Peter thought for a moment. “The word punctum is coming to me for some reason,” he said, closing his eyes. “I know I’ve seen it before…”
“Oh!” said Lily. “You mean like the sun god Ra from Egypt?” Peter and Cole looked surprised, and she said, “I did a term paper on it last year. That was his symbol. I don’t see how that helps anything, though –”
“No, that makes sense,” said Peter. “This must be the symbol for the sun, then… which in alchemical philosophy means it’s also the symbol for gold. They’re interchangeable.”
“What do they mean, though?” Cole asked.
“I don’t know, I’m trying to remember,” Peter murmured.

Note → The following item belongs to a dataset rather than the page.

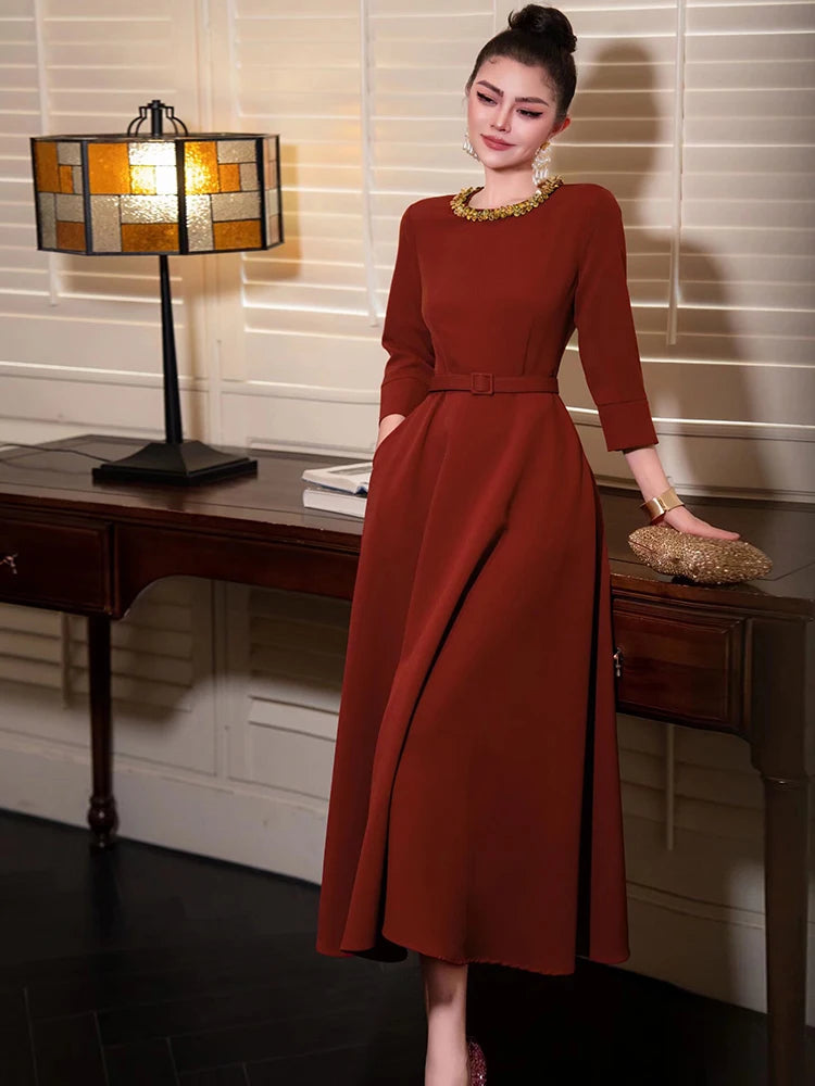 Gala V-Neck Short Sleeve Sashes Pockets Print Chinese Style Dress

“Hold on, look here,” said Lily, pulling another volume off the shelf titled in large gold filagree letters, Alchemy and the Middle Ages. She opened to the introduction. “It says here, ‘The pseudo-science of alchemy began in the Middle Ages. Alchemists believed that one form of matter could transform into another, especially metal into gold. Most of the early alchemists were also mystics. Their famous adage, ‘as above, so below,’ implies that the world we see is merely a reflection of the cosmos.’”
“Hence the Tria Prima?” said Peter. “Sulfur is spirit, salt is the body, and mercury is the connection between them, the mind, I guess?”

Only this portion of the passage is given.